K, do you have a history of self sabotage? Am asking, because I sure do. You said something about getting anxious when things start to go well and also something about wanting to push him away or start something. That's why I am asking this.
My old habit of self sabotage..came from low self esteem and insecurity and feelings of worthlessness. I didn't feel I deserved anything good or worthwhile in my life and so messed things up for myself all the time. I did this through my drinking, am recovering alcoholic, and through other behaviors. I have been wrestling with this of late, although sober now, feeling like things aren't good enough, wanting more, wanting to fix the sitch completely...and have all perfect now! So, what to do? Stop, breathe, and relax.
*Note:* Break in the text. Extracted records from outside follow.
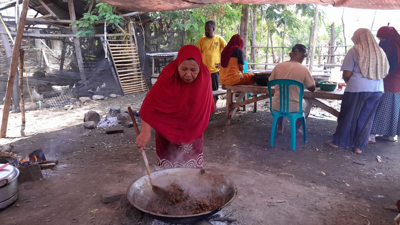 Sesampainya di lokasi, bahan-bahan tersebut langsung diolah oleh para ibu di sana. Karena tidak ada kompor gas, mereka menggunakan kayu dan kompor minyak untuk memasak.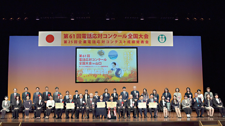 公益財団法人 日本電信電話ユーザ協会が主催する「第61回 電話応対コンクール全国大会」が、山口市の「KDDI維新ホール」で開催されました。今回は3年ぶりに集合形式の開催となり、新型コロナウイルス感染防止対策に万全を期して競技が行われました。会場では全国各都道府県で6,620名が参加した予選を勝ち抜いた57名が、普段から職場で磨き上げてきた技量を最大限に活かし、熱い戦いを繰り広げました。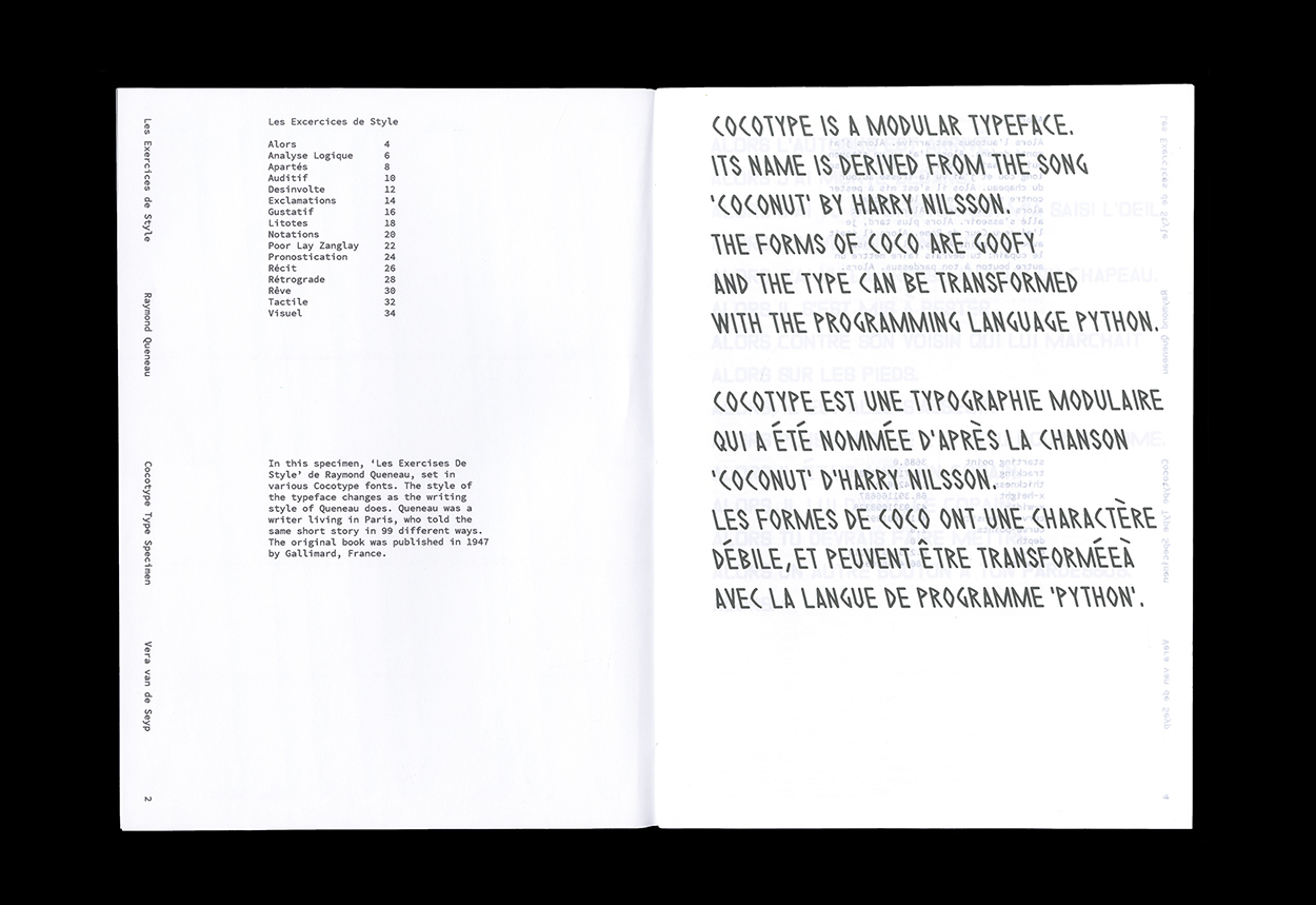 Cocotype is a modular typeface. Its name is derived from the song ‘Coconut’ by Harry Nilsson. The typeface can be transformed in a tool named DrawBot and is made with Python. Although extremely changeable in shape according to various parameters that, Cocotype is goofy in every single form it can appear in.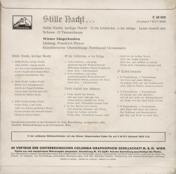 Vinyl / Die Wiener Sängerknaben, Friedrich Pleyer, Ferdinand Grossmann - Stille Nacht...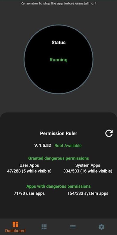 화면을 끄면 Permission Ruler가 모든 앱의 모든 권한을 취소합니다(무시되지 않는 한). 화면을 켜면 모든 권한이 다시 부여됩니다(잠긴 경우 제외).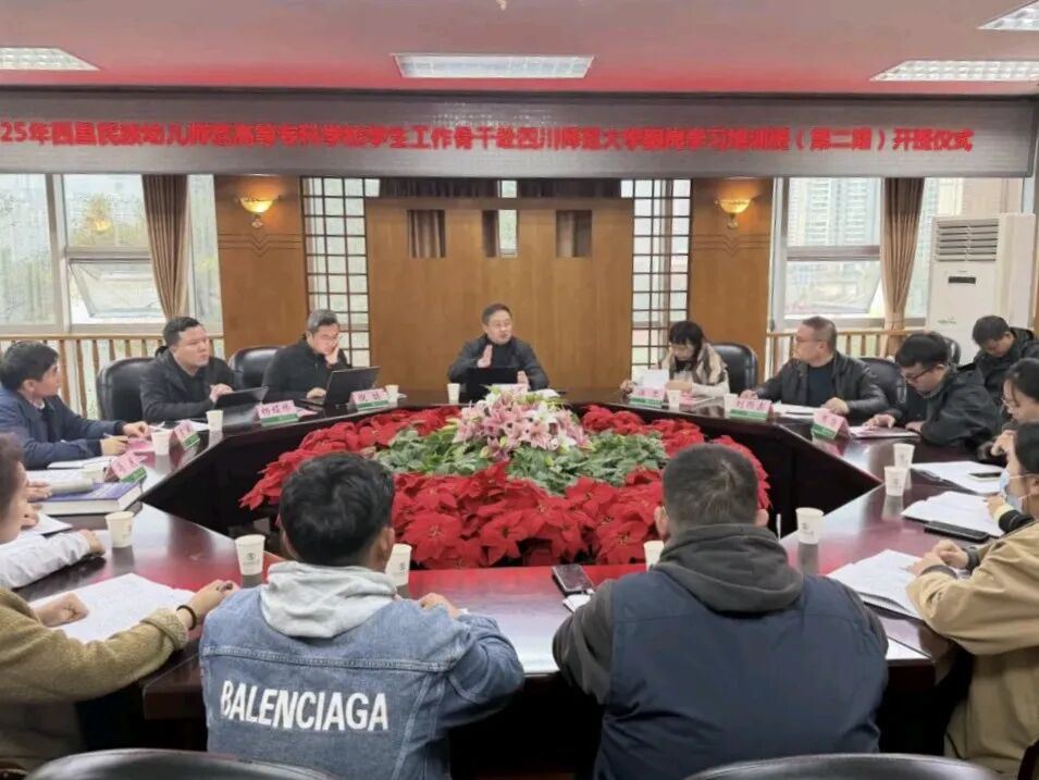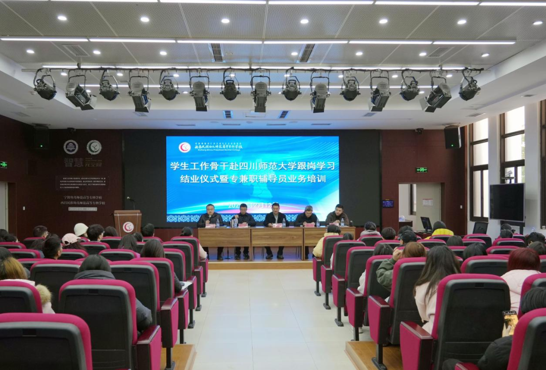 四川师范大学倪喆,我校党委副书记、工会主席吉付约古、学生工作处处长邹华、校团委副书记卢照天出席结业典礼,刘雨鑫主持结业典礼。辅导员陶彦孜、团总支书记陈松作为学员代表分享感悟,他们表示,将把学到的数字化思政工作方法、学生阶梯式培养模式等成果转化为工作实效,着力解决本校民族特色班团建设、辅导员科研能力提升等现实课题。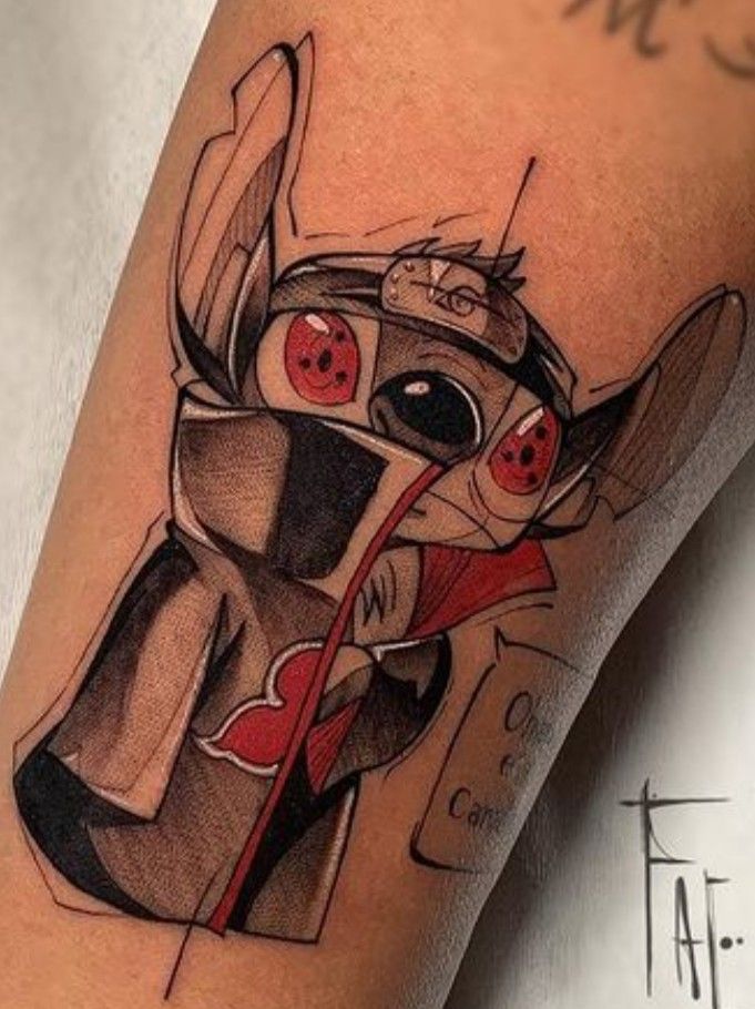 In a humorous blend of popular culture, it combines the adorable Stitch from Lilo & Stitch with the dangerous Akatsuki organization from the anime Naruto. Stitch’s Akatsuki cloak and Sharingan eyes blend the cute character with the dangerous figure in a comical way. This tattoo is a creative and fun choice for anime and cartoon fans.

Look at all the progress that has been made to date. Focus on good things in R...remember how bad it was...and then realize how much better it has gotten...focus on progress not perfection...
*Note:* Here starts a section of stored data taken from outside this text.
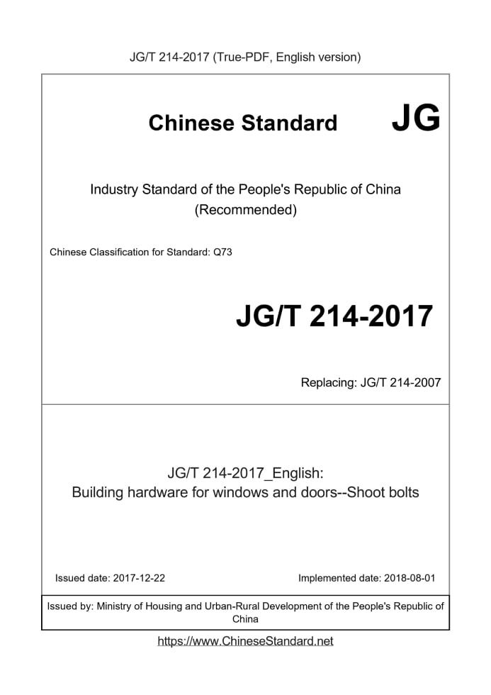 Delivery: <= 3 days. True-PDF full-copy in English will be manually translated and delivered via email. JG/T 214-2017: Building hardware for windows and doors--Shoot bolts Status: Valid JG/T 214: Historical versions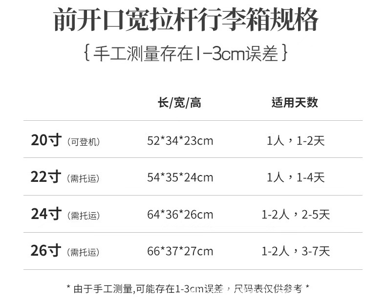 • 20 인치 (탑승 기준에 따라-상자가 파손되어 무료로 교체 됨)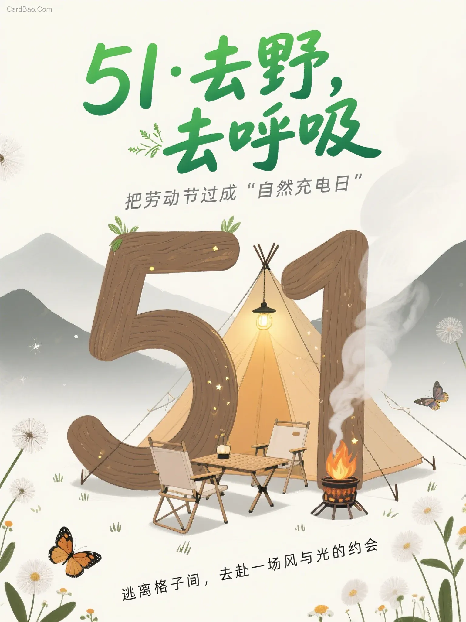 手绘插画风格露营场景,数字"51"变形为木质纹理帐篷支架与炊烟造型,帐篷内露出折叠桌椅和星空灯。环绕山峦剪影、蒲公英和蝴蝶元素,主标题"51·去野,去呼吸"用渐变绿手写字体,"野"字带小草装饰,副标题"把劳动节过成'自然充电日'"浅灰无衬线字体,底部斜置小字"逃离格子间,去赴一场风与光的约会"。莫兰迪色系淡彩晕染,画面留白处点缀露营车和登山杖图标,自然肌理纸张质感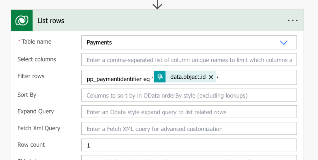 Remove the “Compose” action; it served us well. As the next step of the cloud flow, we will find the record in the Payment table that has the “Payment identifier” field value as the payment intent reference from the webhook request data: triggerBody()?['data']?['object']?['id']

You did a great job on lists! Print those out and read them to yourself whenever you start to feel down. You are a wonderful, worthwhile, amazing woman...don't forget it! And you deserve to be happy...so remember, happiness comes from within. When you love yourself, then you have enough love to love others....and you don't need love from them. So, when you get it ...it's all gravy...extra bonus material....and it sounds to me like you've been getting in some loving with your H as of late, too...wooohooo....that always helps.